While the faces didn't influence the perceptions of the player's emotions, they did influence the intensity ratings of these emotions. The complete and face only stimuli from the winners were rated as showing a more intense emotion than the pictures of the losers. There was no difference in the intensity ratings of pictures showing winning and losing players in the body-only condition. Does this mean that winning a point in tennis is a more intense experience than losing a point?
In the second part of the study, the researchers made body-face hybrids (they put a winning tennis player face on a losing body and vice versa) and asked people to rate the emotion of the player. The results showed that the participants largely ignored the faces and used the bodies to rate the players' emotions. A similar finding was found with the third experiment where the researchers used body-face hybrid stimuli showing other intense emotions (grief, pleasure, intense pain, defeat, intense joy). Here again, the emotion displayed in the body overrode the facial emotion.
The final part of the study was particularly interesting. In this experiment, participants were asked to pose like some of the pictures. For example, a person posed like a hybrid picture showing a winning face on a losing body. The person then posed like a picture showing the same winning face on a winning body. Next, another group of participants viewed photos of the posers' faces from the reenactments and were asked to say which face was expressing a more positive emotion. The results showed that the faces that were made from people reenacting a picture with a winning body were rated more positively than those reenacting a picture with a losing body—regardless of whether the face in the original picture was from a winning or a losing player.
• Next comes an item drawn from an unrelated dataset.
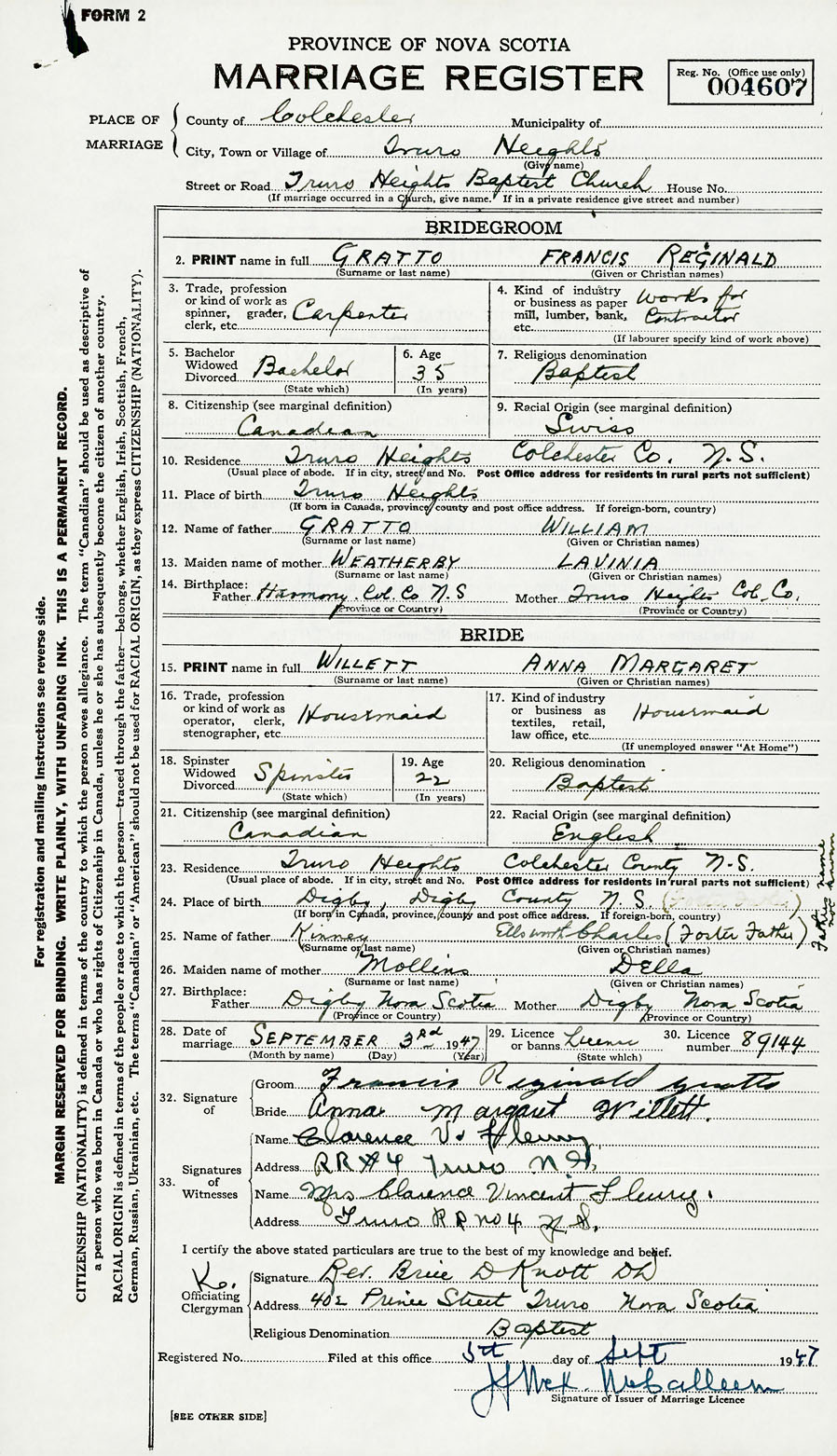 28. Date of marriage September 3 1947 29. By license or banns License 30. License number 89144
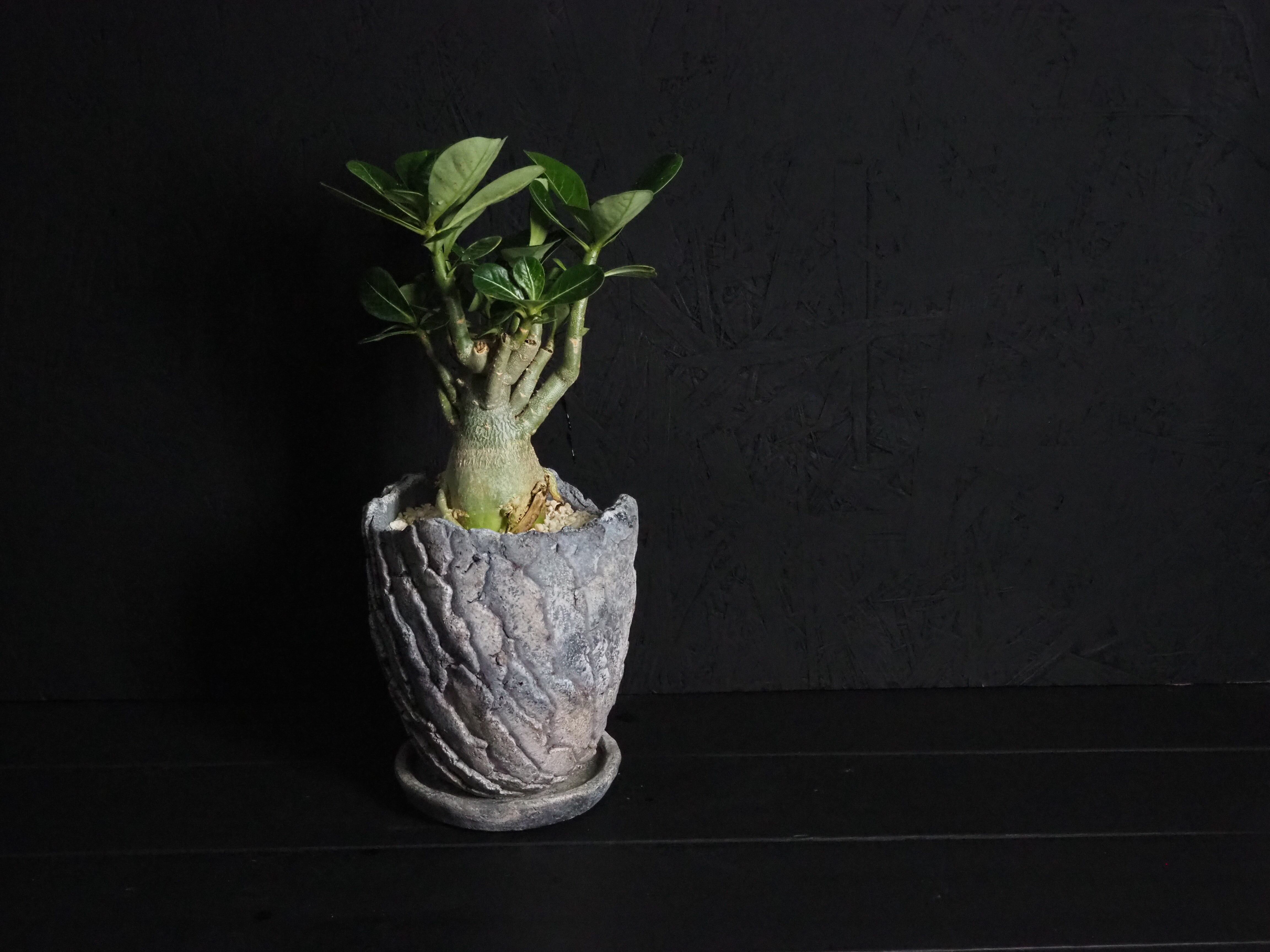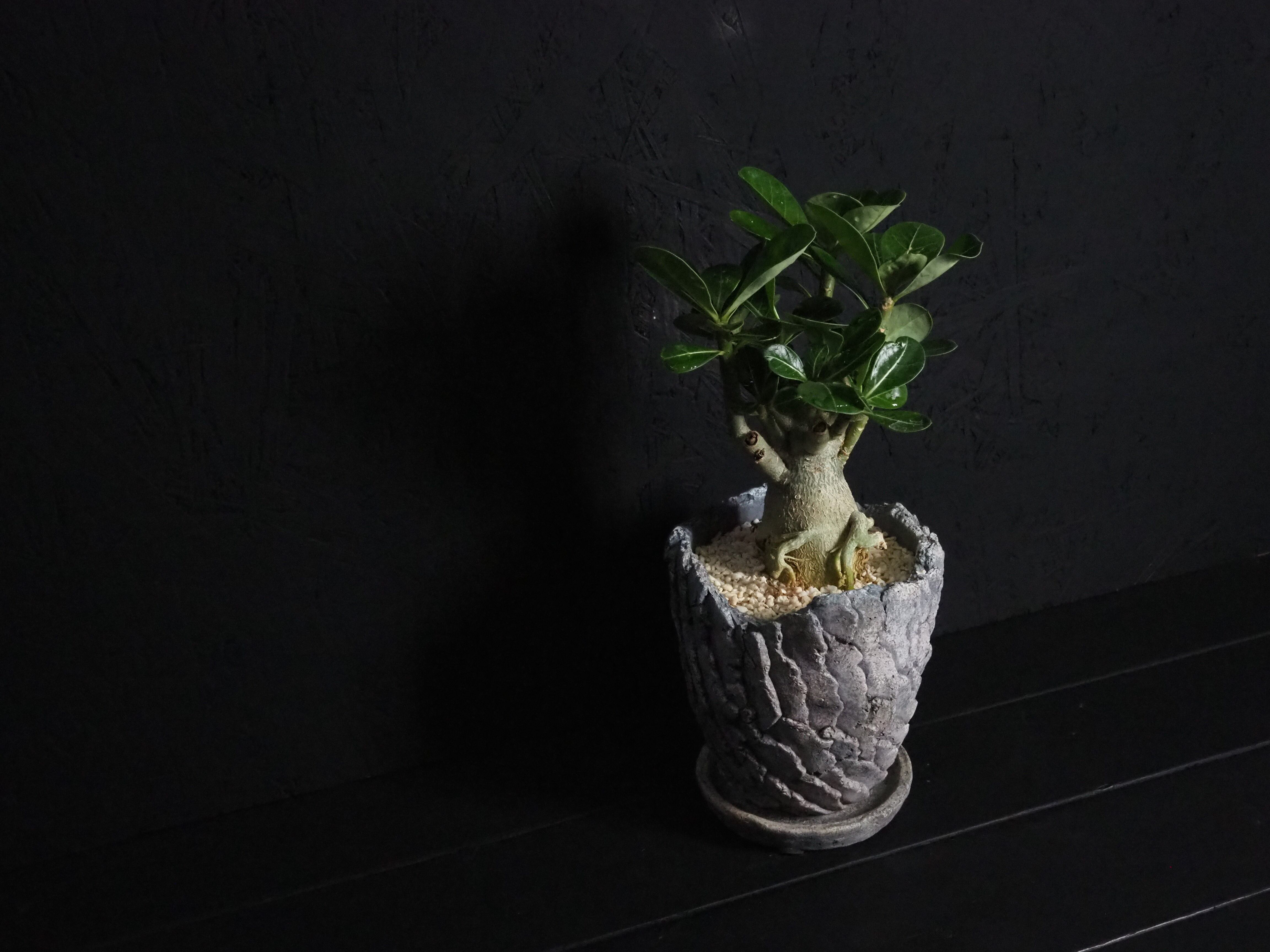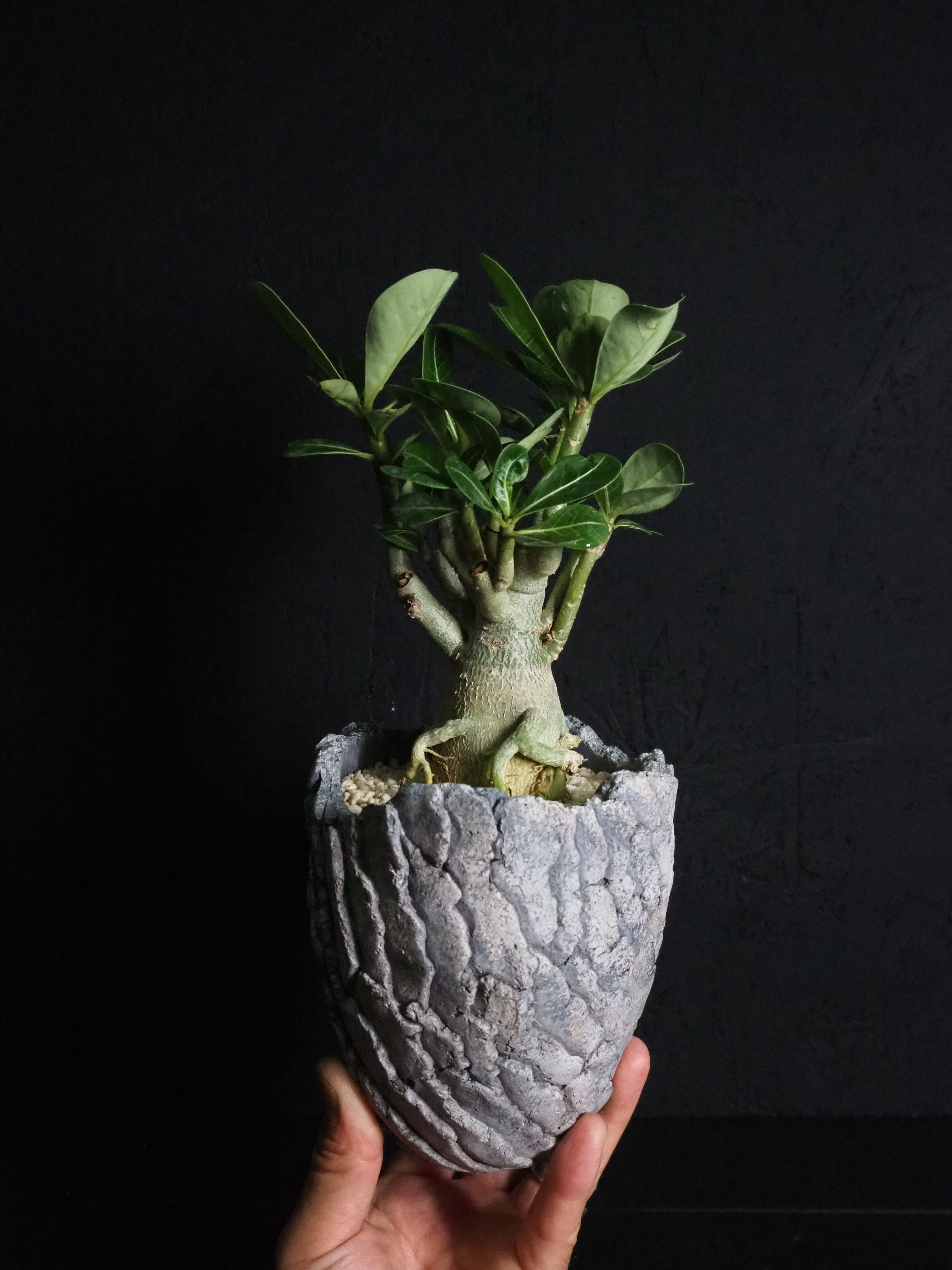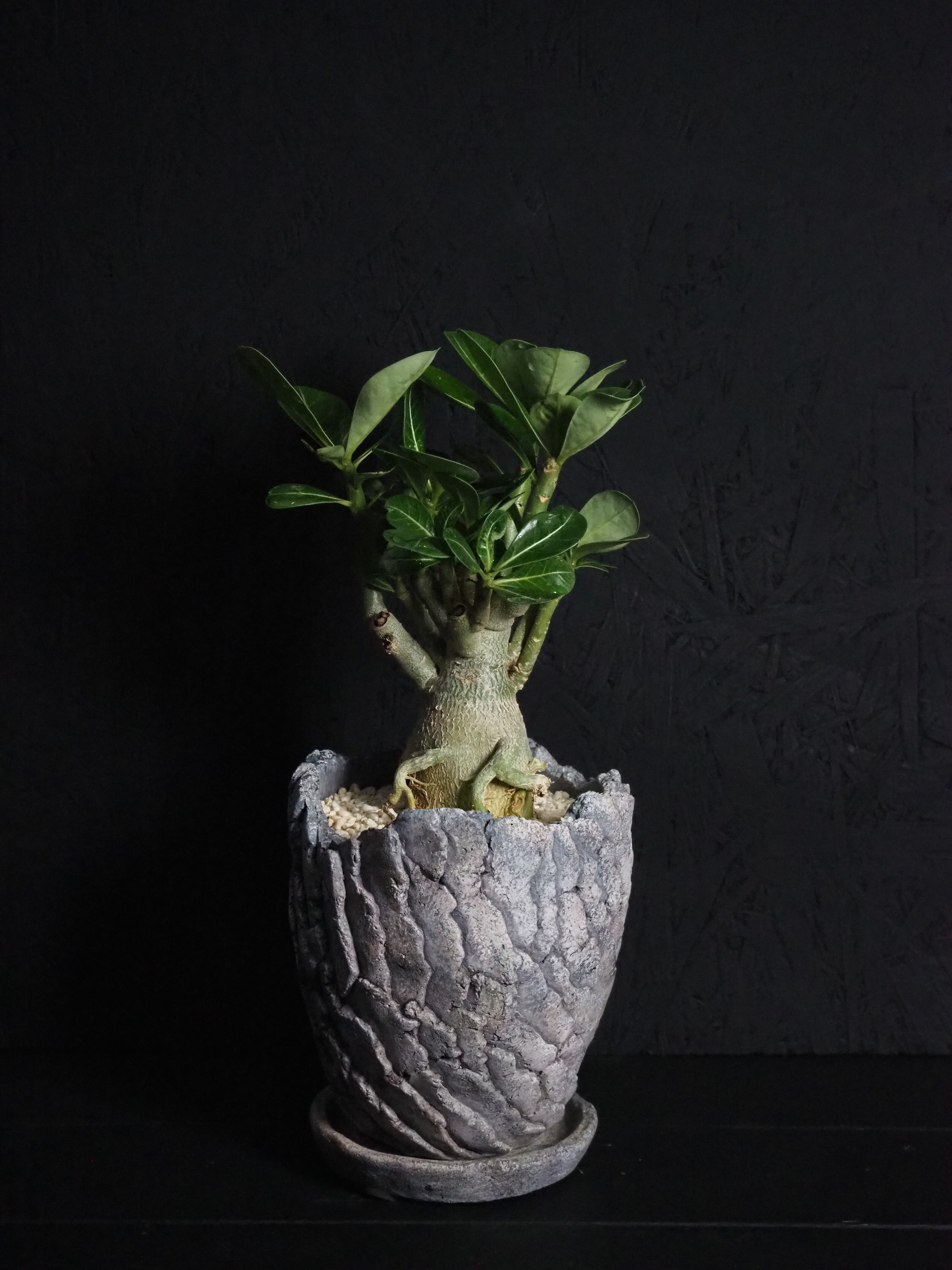 近年多くの品種がみられるようになりましたが、アデニウムといえば「オベスム」が元祖アデニウム。古くから日本では「砂漠のバラ」と呼ばれ、花が美しく鉢花として親しまれてきました。春から初夏に赤~ピンク色の花を咲かせ、白花種や八重咲き種もあります。

This was true even when participants were given unlimited time to study the pictures to perfect their poses. What is interesting about this is that the participants doing the perception part of the task were able to distinguish between winning and losing faces when forced to choose (remember that in the first task participants rated both the original winning and losing faces as expressing negative emotion). Was this because the actors weren't feeling the intensity experienced by the actual tennis players or was this simply a result of the study design (being forced to choose)?
What these results show us is that even though faces are doubtlessly important for conveying and perceiving emotions, the information we get from the rest of the body can overcome that perception—at least for intense emotions. In fact, facial expressions of intense emotions can be indistinguishable from one another. The authors speculate that this might be a muscle issue—perhaps the tiny muscles in our faces just aren't able to differentiate between really happy and really sad. They also suggest that our conscious experience of really intense positive and really intense negative emotions may not actually be that different (a concept that's really interesting to think about).
What does this mean for us practically? Maybe we should work on our "poker bodies" instead of our poker faces—you never know when you'll get a full house.